Kamiya & Zucker (1994) demonstrated that decreasing cytosolic [Ca2+] in crayfish motor terminals, by photo-activating a Ca2+ chelator at various times after tetanic stimulation, decreased facilitation, augmentation and potentiation. However, the decrease in potentiation was only transient, suggesting that the elevated cytosolic [Ca2+] that contributed to potentiation arose from a non-cytosolic source that could be replenished. One of these sources is mitochondria (Tang & Zucker, 1997). Another source is Ca2+ influx from the bath via reverse action of a plasmalemmal Na+–Ca2+ exchanger (Zhong et al. 2001).
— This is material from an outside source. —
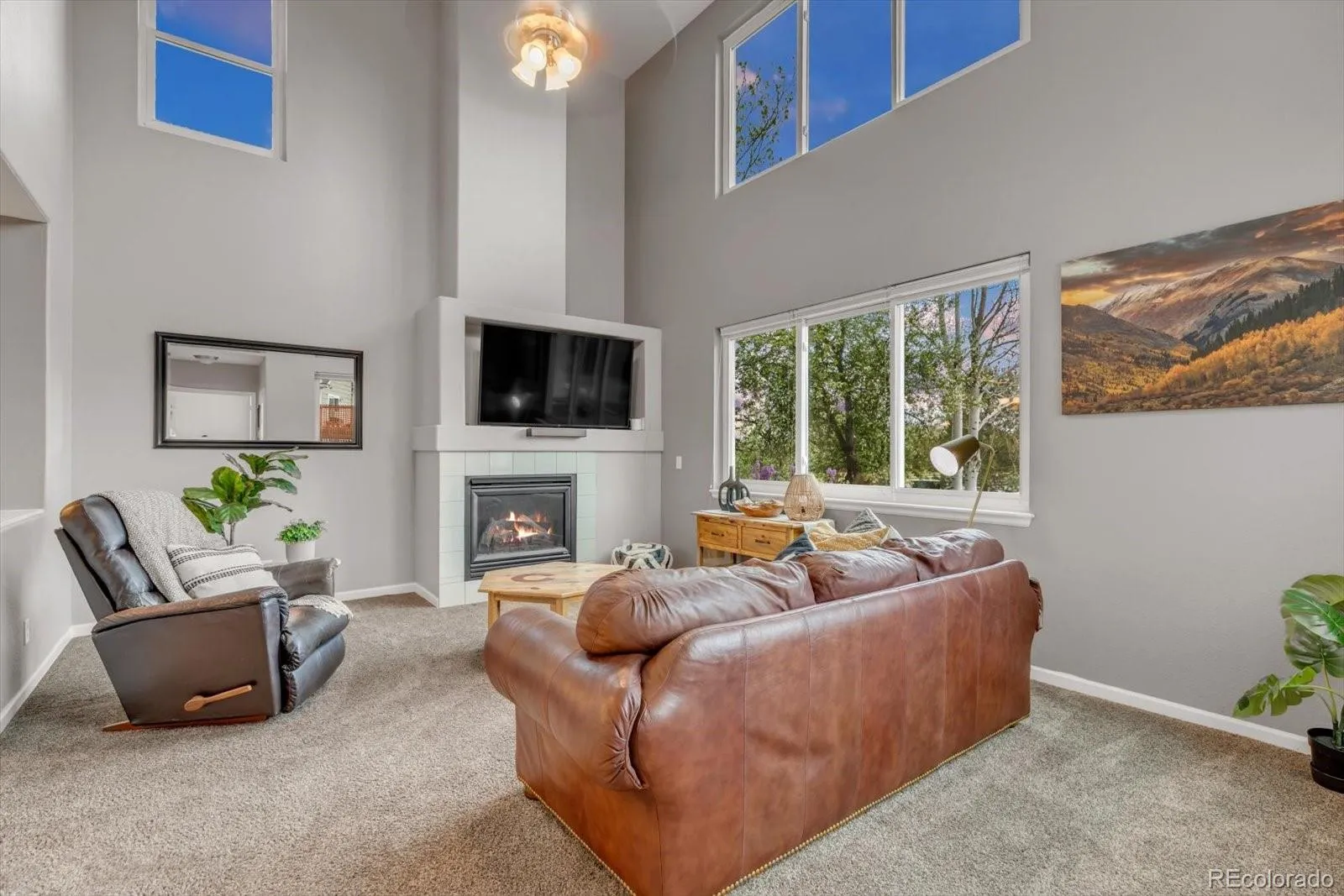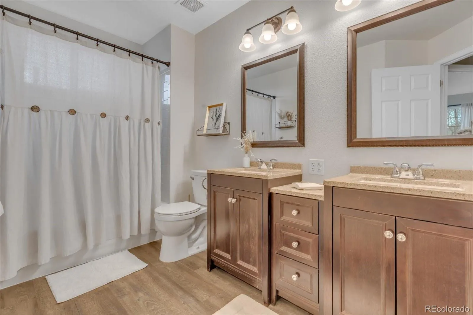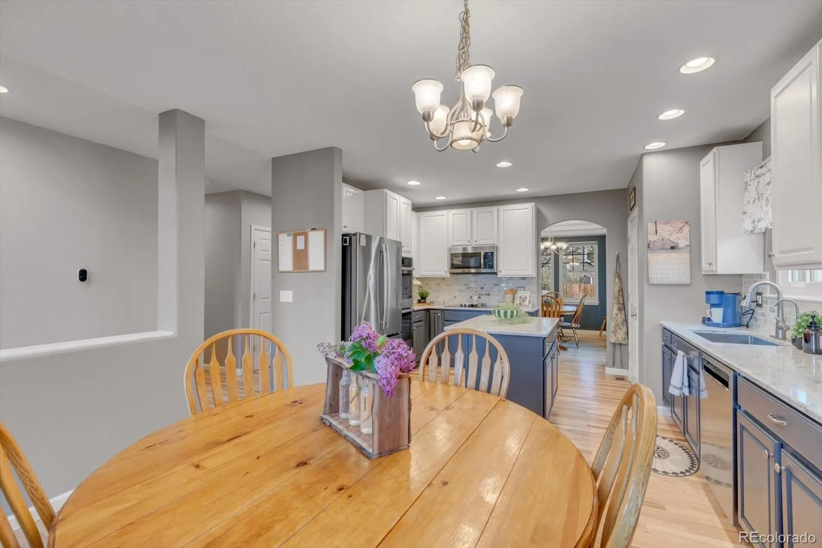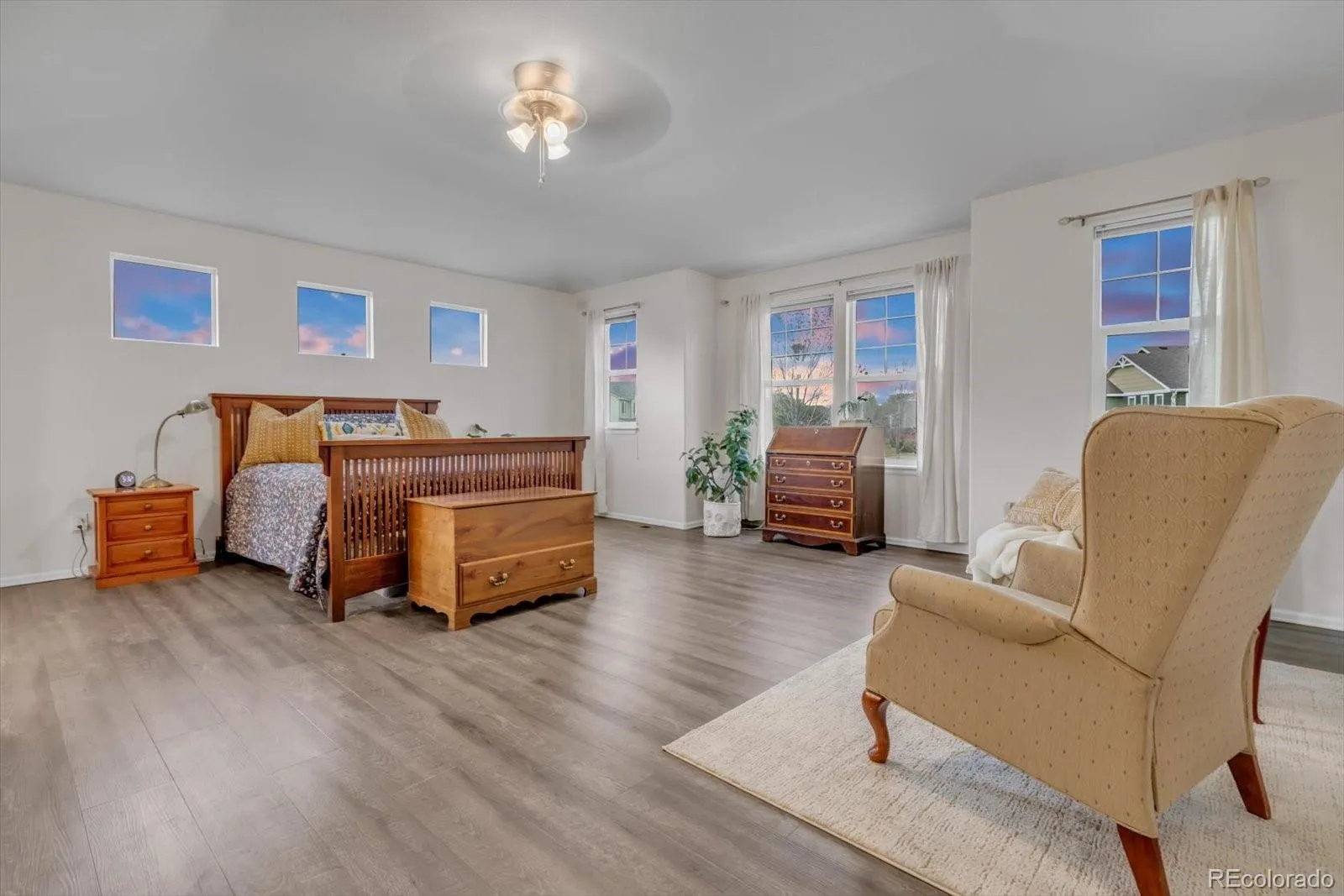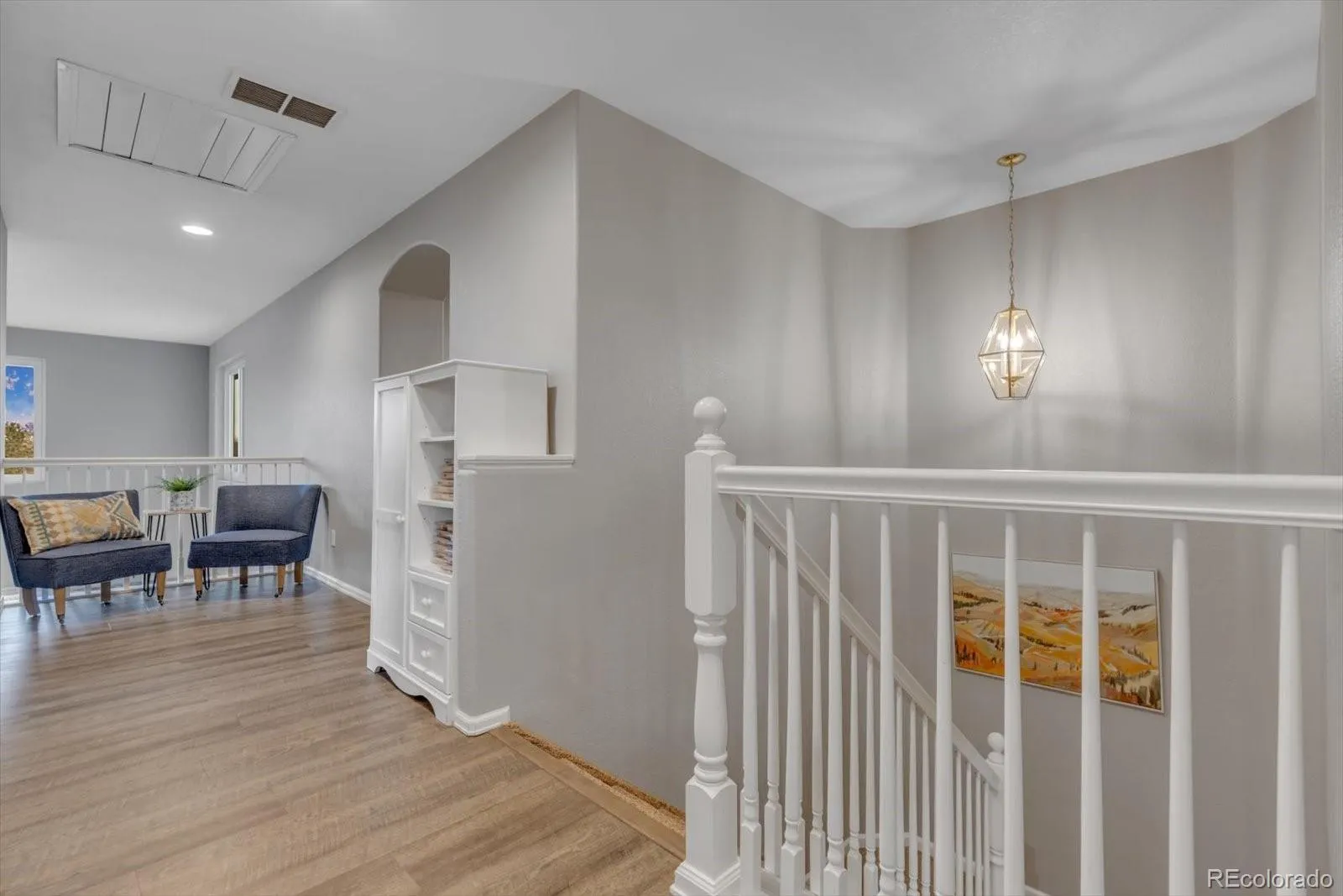 Beautiful large home in desirable Quebec Run with over 4500 square feet! Situated on a huge mature lot that backs to open space, this home has it all! Great curb appeal with new concrete driveway and paver patio for additional parking. Three-car tandem garage allows for workshop or extra storage. Newly refinished real hardwood floors greet you upon entry! Separate dining room allows for entertaining and large gatherings. Updated kitchen includes new quartz countertops, newer stainless steel appliances, updated extended cabinetry and large eat in space. Vaulted ceilings in spacious family room with fireplace and wall of windows for views to the outdoor space are the perfect hang out spot for everyone!. Sunny and bright office on main with half-bath make a great WFH option as well! Upstairs has 4 incredibly spacious bedrooms! The primary bedroom is a beautiful large retreat space with sitting area for relaxing on quiet nights. The large 5-piece primary bath and massive walk-in closet are the perfect compliments to this spa-like retreat space. The secondary full bath has been completely remodeled! Fresh paint throughout home, new roof and gutters will be installed, solar panels for lower utility bills, newer attic fan, newer lvp flooring and carpet installed upstairs. Windows replaced on main level and still under warranty! Basement is fully finished with kitchenette space, dining area, living room, bedroom and updated bathroom for possible income potential. Backyard is massive with mature trees, (two of them peach), lilac bushes and more with new concrete patio, fire pit, shed and more! Great location convenient to shopping, restaurants and downtown Denver!

In crayfish motor terminals, Ca2+ extrusion from mitochondria is Na+-independent; inhibiting the mitochondrial Na+–Ca2+ exchanger with CGP-37157 had no effect on residual [Ca2+] or post-tetanic potentiation (Zhong et al. 2001). In contrast, in mouse motor terminals CGP-37157 prolonged the post-tetanic decay of mitochondrial [Ca2+], reduced post-tetanic residual cytosolic [Ca2+] and reduced post-tetanic transmitter release at both normal and low quantal contents. These results demonstrate that in mouse motor terminals the mitochondrial Na+–Ca2+ exchanger contributes importantly to sustaining evoked release during the post-tetanic period. This drug offers a ‘cleaner’ method for testing the hypothesis of mitochondrial involvement in post-tetanic release than some previous strategies because (at least in the short term) it does not block mitochondrial Ca2+ uptake or interfere with mitochondrial energy production. Previously used agents that inhibit mitochondrial Ca2+ uptake (e.g. CCCP or inhibitors of the uniporter or electron transport chain) also reduce post-tetanic evoked release, but interpretation of this effect is complicated because inhibition of mitochondrial Ca2+ uptake results in greater elevations of cytosolic [Ca2+] during the tetanus, resulting in high levels of asynchronous release and faster depression of phasic release during the tetanus (Talbot et al. 2003; David & Barrett, 2003). The effects of CGP-37157 are easier to interpret because it did not increase cytosolic [Ca2+] during tetanic stimulation, and (in certain experimental conditions) its inhibition of post-tetanic evoked release could be observed without increased depression during the tetanus.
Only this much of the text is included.